Data extract:
---
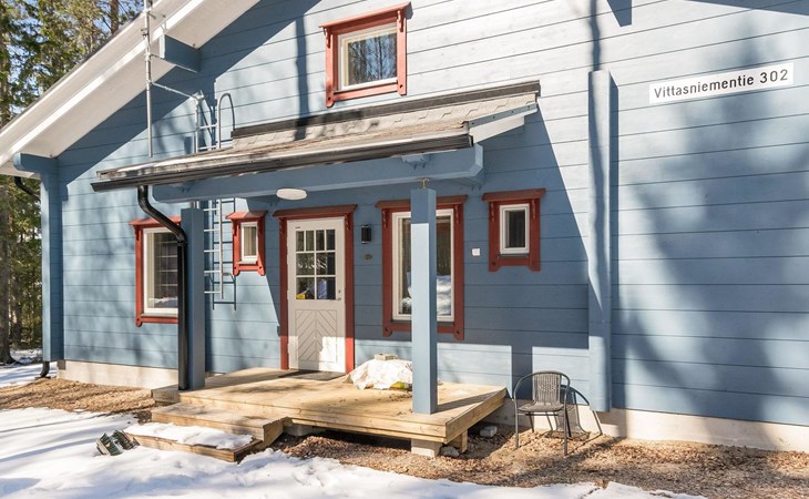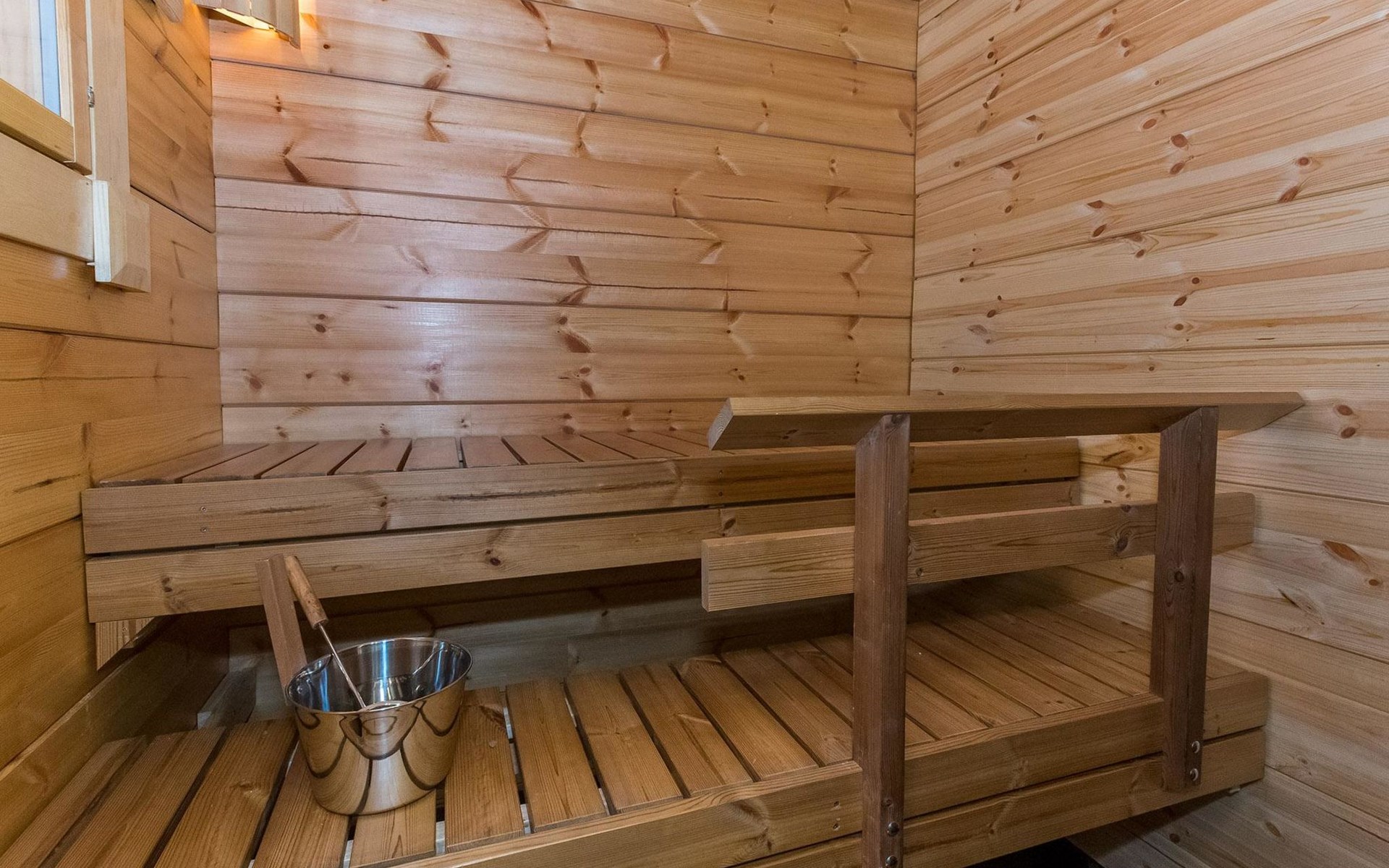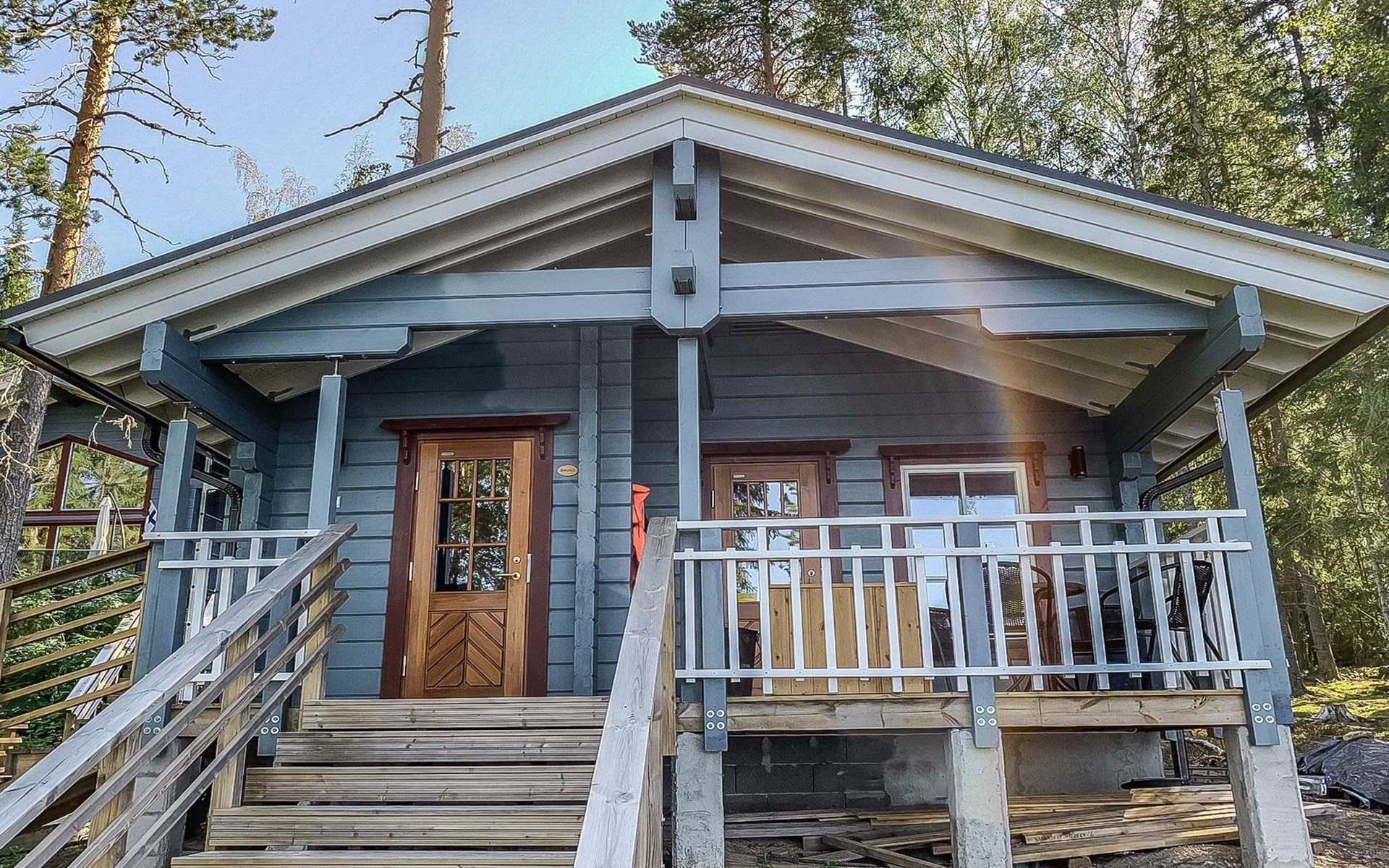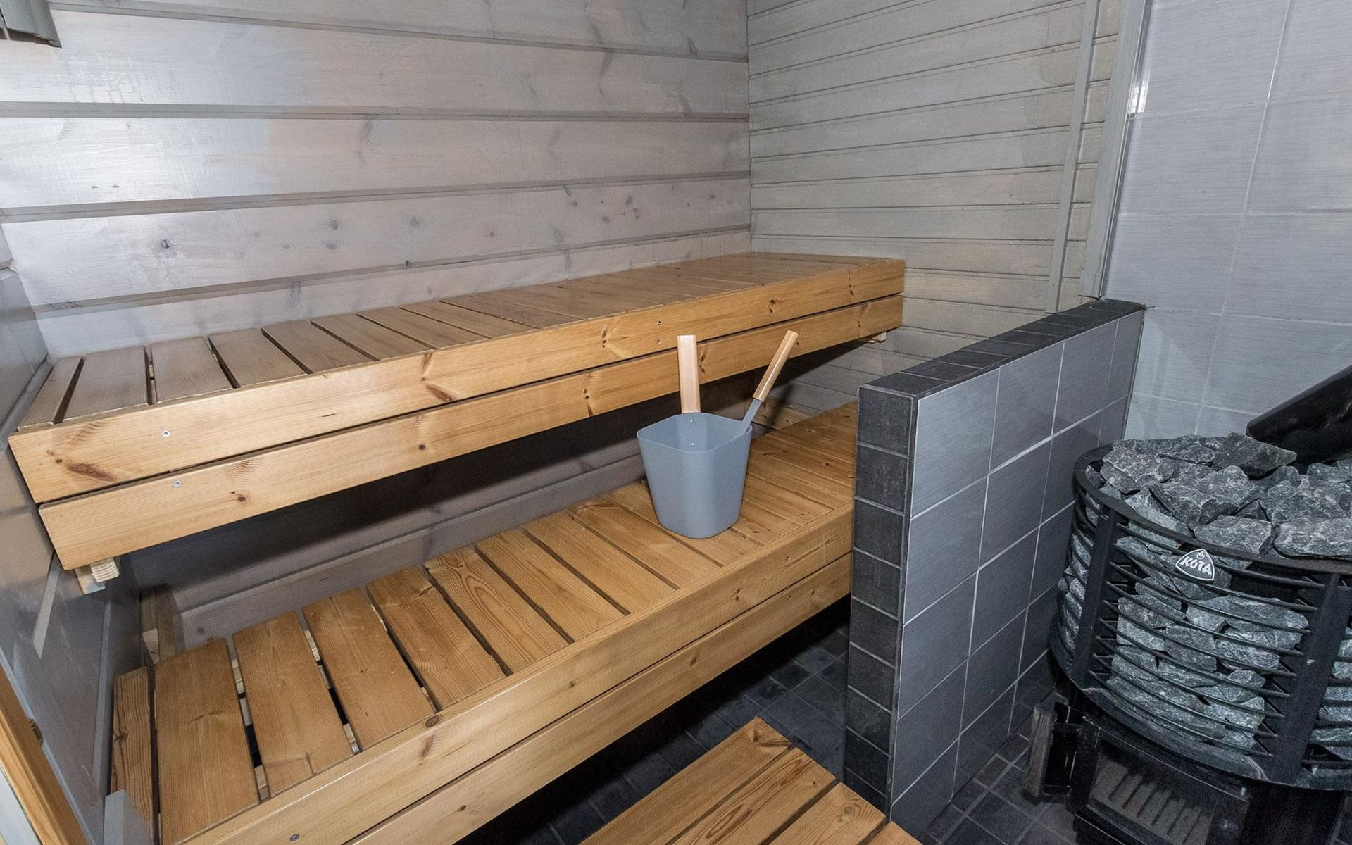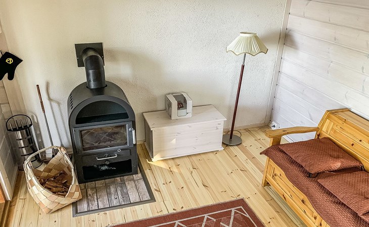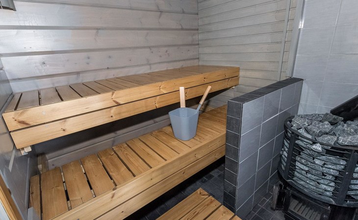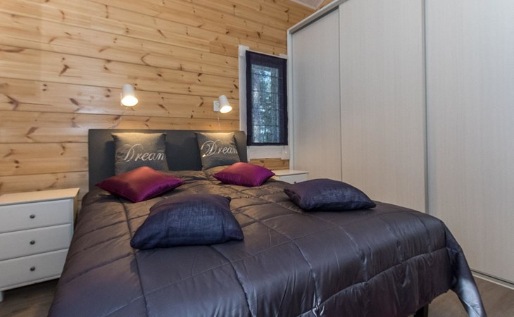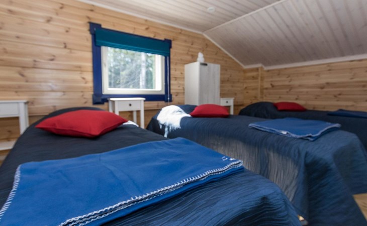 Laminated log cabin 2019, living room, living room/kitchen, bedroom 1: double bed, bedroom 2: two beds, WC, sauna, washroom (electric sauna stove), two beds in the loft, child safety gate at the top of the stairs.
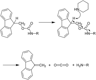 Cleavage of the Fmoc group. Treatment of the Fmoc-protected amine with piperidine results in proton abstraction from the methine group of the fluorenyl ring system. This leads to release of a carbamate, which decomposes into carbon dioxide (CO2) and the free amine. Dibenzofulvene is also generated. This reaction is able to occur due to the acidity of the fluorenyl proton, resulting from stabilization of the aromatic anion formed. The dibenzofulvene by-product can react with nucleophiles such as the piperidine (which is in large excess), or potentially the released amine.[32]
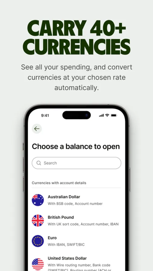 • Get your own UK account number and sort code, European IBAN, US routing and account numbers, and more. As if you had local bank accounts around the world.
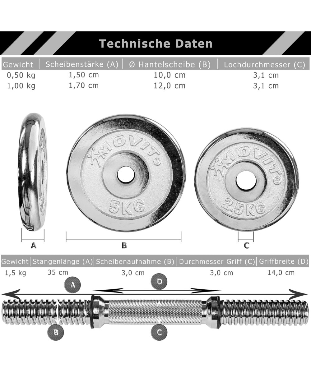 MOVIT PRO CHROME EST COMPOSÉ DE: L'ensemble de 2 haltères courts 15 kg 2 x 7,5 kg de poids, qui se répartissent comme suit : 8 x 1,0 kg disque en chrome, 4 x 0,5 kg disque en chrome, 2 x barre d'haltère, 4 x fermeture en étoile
---
Take the material above from its first line through the line that has "around the world." and copy it exactly, without any pictures.

Expected answer:
 Laminated log cabin 2019, living room, living room/kitchen, bedroom 1: double bed, bedroom 2: two beds, WC, sauna, washroom (electric sauna stove), two beds in the loft, child safety gate at the top of the stairs.
 Cleavage of the Fmoc group. Treatment of the Fmoc-protected amine with piperidine results in proton abstraction from the methine group of the fluorenyl ring system. This leads to release of a carbamate, which decomposes into carbon dioxide (CO2) and the free amine. Dibenzofulvene is also generated. This reaction is able to occur due to the acidity of the fluorenyl proton, resulting from stabilization of the aromatic anion formed. The dibenzofulvene by-product can react with nucleophiles such as the piperidine (which is in large excess), or potentially the released amine.[32]
 • Get your own UK account number and sort code, European IBAN, US routing and account numbers, and more. As if you had local bank accounts around the world.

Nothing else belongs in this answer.